About the Course

A career in patisserie arts calls for a mastery of techniques fused with artistic finesse. It requires individuals with attention to detail, precision and patience; traits needed to be a successful patissier. The diploma programme in patisserie arts will equip you with the fundamentals of pastry making, right up to creating complex confectioneries, preparing you well for a career in the baking industry. Our industry-standard on-campus kitchens will provide you with an authentic feel of working in a real kitchen, and the guidance by our lecturers, who are seasoned professionals, will enhance your patisserie skills. In your final year of studies, you will try your hand at entrepreneurship and be placed in internship, which rounds off your culinary training and readies you for the career route or further study in patisserie arts.

Entry Requirements

You need to pass SPM or equivalent with at least a Credit in three (3) subjects or equivalent OR obtain one (1) Credit at SPM level plus a Level-3 Skills Certificate OR obtain a recognized MQF Level-3 certificate in a related field OR pass UEC with a B in three (3) subjects OR pass O-Level with a C in three (3) subjects OR pass Malaysia Skills Certificate (SKM) / Community College Certificate (both MQF Level 3) in a related field and pass SPM with one (1) OR pass STPM or equivalent with at least a C (2.00 CGPA) in one (1) subject or pass STAM with Maqbul OR obtain other equivalent qualifications recognized by the Government of Malaysia. 

Duration of Study

2 ½ years


 (R/811/4/0251) (05/25) (MQA/FA4895)

RM35,000 - RM40,000
*The stated fees are estimation on overall completion of the program.
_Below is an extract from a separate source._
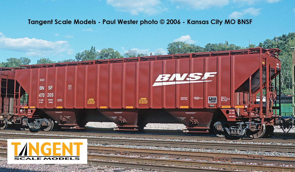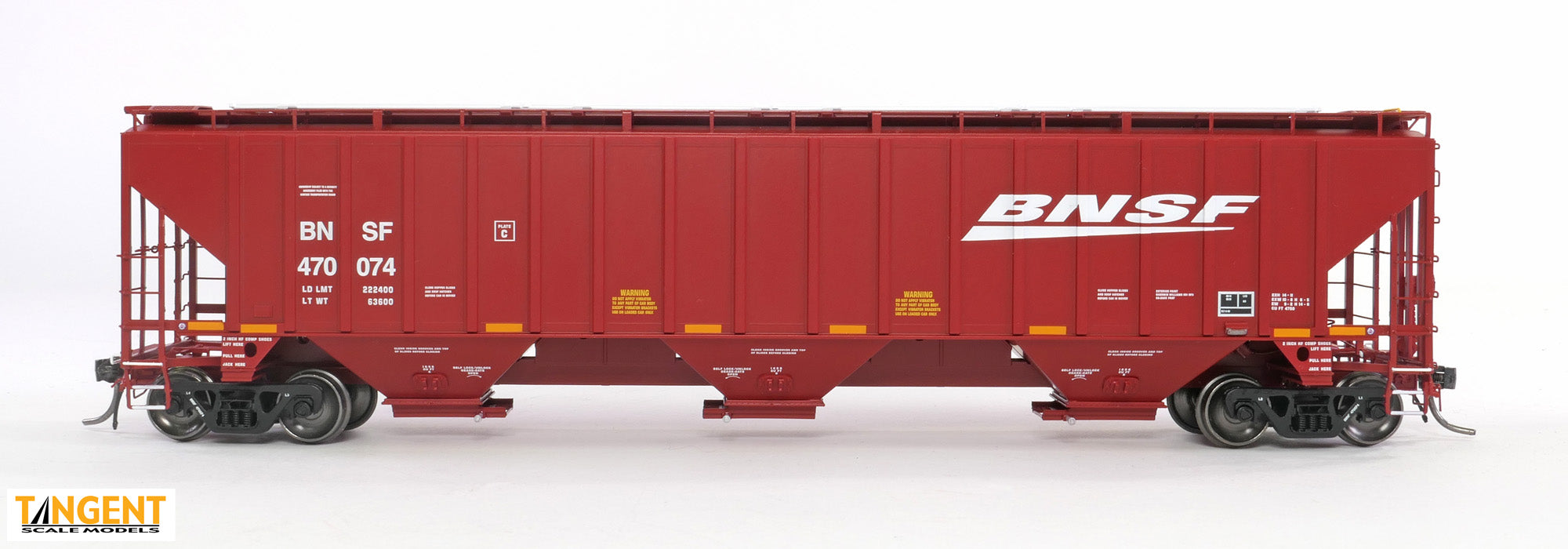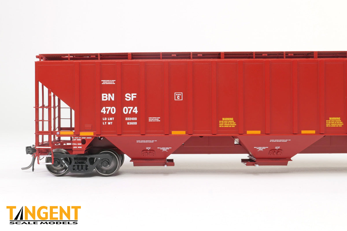 – BNSF “Large Swoosh 2005” complements our BN car offering in this run of Trinity 4750s, for those that model BNSF in the conspicuity era.  This car is a stunner with its BNSF oxide red paint color, the large and bold BNSF swoosh logo on the right side of the carbody, and the conspicuity stripe markings alongside the model.  These cars are former BN Trinity 4750s built in 1994.  These cars have a Phase 4 body and bolster arrangement, including the jacking pad design that is less long horizontally, and with an oval-shaped attachment hole in the center.  Additionally, these cars introduce the “bolt on” outlet gate design that was found on some of the Trinity 4750 prototypes.  Up on the roof of the cars is a carbody red painted galvanized “slope up” Morton-design running board, and the fiberglass trough hatches that BNSF applied are replicated on our model.  The ends of the cars include a body-mount brake system, Universal 9300DC brake housing, tube-style defect card holders, and straight-handle coupler lift bars, all of which are accurately modeled on our Tangent replicas.  Underneath the cars, the centersill dividers have access holes in them like they should, and a “angled style” AEI tag mount.  Don’t miss out, these will go quickly!

In any cases where there are credit exemptions, offered rebates or approval of scholarship applications, there will be considerable reduction in the fees
The fees stated here are for Malaysians or local students only. Kindly refer to MSU regarding the fees for international students
Among the Courses Offered
Year One
  • Pastry Making
  • Cake Decorating
  • Catering System Management
  • Food Safety and Sanitation
Year Two
  • Purchasing and Procurement
  • Art of Dessert Presentation
  • Food and Beverage Cost Control
  • Industrial Training
Year Three
  • Chocolate and Confectionery
  • Pastry Artistry
  • Customer Service and Etiquette
Career Prospects
  • Patissier
  • Cake Designer
  • Boulangerie Owner
Want to Know More?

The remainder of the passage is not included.